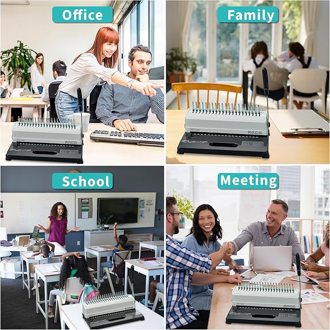 - 【Humanized Design】Our comb binding machine features advanced cutting blades and an ergonomically designed curved handle, allowing you to cut paper effortlessly with minimal force. The 19-hole punch is specifically designed for Letter-size paper but can also accommodate A5 size (15 holes) or other smaller sizes. This comb binding machine is engineered for consistency, ensuring long-term use and professional-quality bound documents.
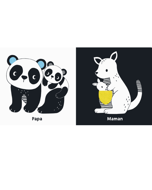Livre noir et blanc "Mes animaux tout doux" - Tourbillon
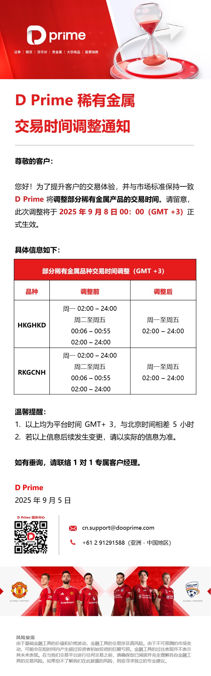 D Prime 稀有金属交易时间调整通知
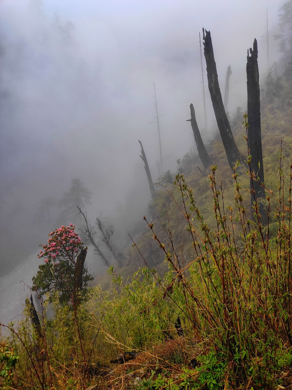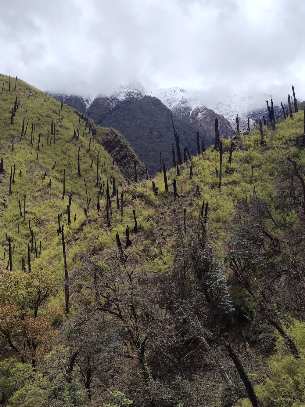 Ладна, разум в этот раз победил, пошли на Гурджагат, чтобы чуть немного придерживаться стандартного трека. Дорога долго идёт через горелый лес:
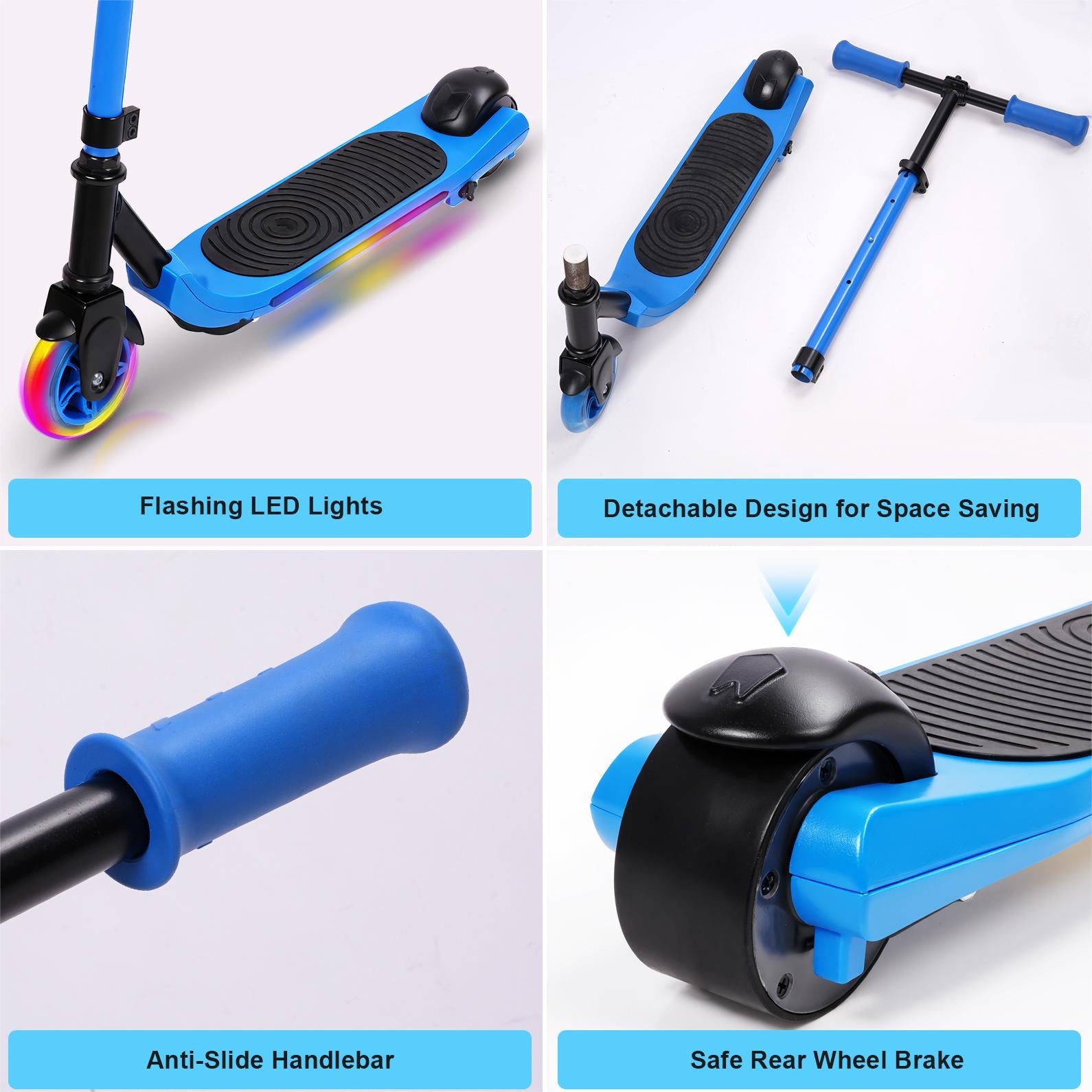 Electric Scooter: Experience the convenience of our electric scooter featuring a detachable 2000mAh Li battery, making charging and replacement effortless. Whether you're commuting or enjoying a weekend ride, this scooter is designed for ease of use.Easy to Glide: You can glide smoothly with minimal effort. Enjoy a range of travel distances of 8 to 10 kilometers on a single charge, ideal for short commutes or leisurely rides around the neighborhood.Portable: Its design ensures easy portability and storage. It supports adjustable height settings ranging from 69 to 85 cm, accommodating various user preferences for a comfortable ride.Stable Two Wheel Design: Equipped with a two wheel setup, it provides high stability, ensuring a safe and steady ride. Additionally, the built in flashing lights enhance visibility, making you more noticeable to pedestrians and vehicles alike.Double Braking System: The electric scooter features both foot brake and mechanical brake options, giving you the flexibility to choose your preferred stopping method. -
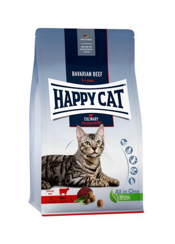 Happy Cat Culinary – це смачний та корисний раціон для вибагливих гурманів. Рецептура корму виготовлена з легкозасвоюваних та високоякісних білків. Завдяки концепції All in One Natural Life Concept® корми Happy Cat піклуються про 5 основних аспектів здоров'я кішок: серцево-судинна система, сечовивідна система, імунна система, шкіра та шерсть, травлення. Блискуча вовна Контроль за виведенням вовни Підтримка опорно-рухового апарату Підвищений вміст поліненасичених жирних кислот у кормі Happy Cat Culinary Atlantik Lachs сприяє задоволенню потреб активних кішок у харчуванні.

▶ _INSTRUCTIONS FOR THE TASK_:
Within the listing above, find the line containing "Livre noir et" and the line containing "Ладна, разум в". Transcribe them and everything between them exactly, leaving out the pictures.

▶ _TASK RESULT_:
Livre noir et blanc "Mes animaux tout doux" - Tourbillon
 D Prime 稀有金属交易时间调整通知
 Ладна, разум в этот раз победил, пошли на Гурджагат, чтобы чуть немного придерживаться стандартного трека. Дорога долго идёт через горелый лес:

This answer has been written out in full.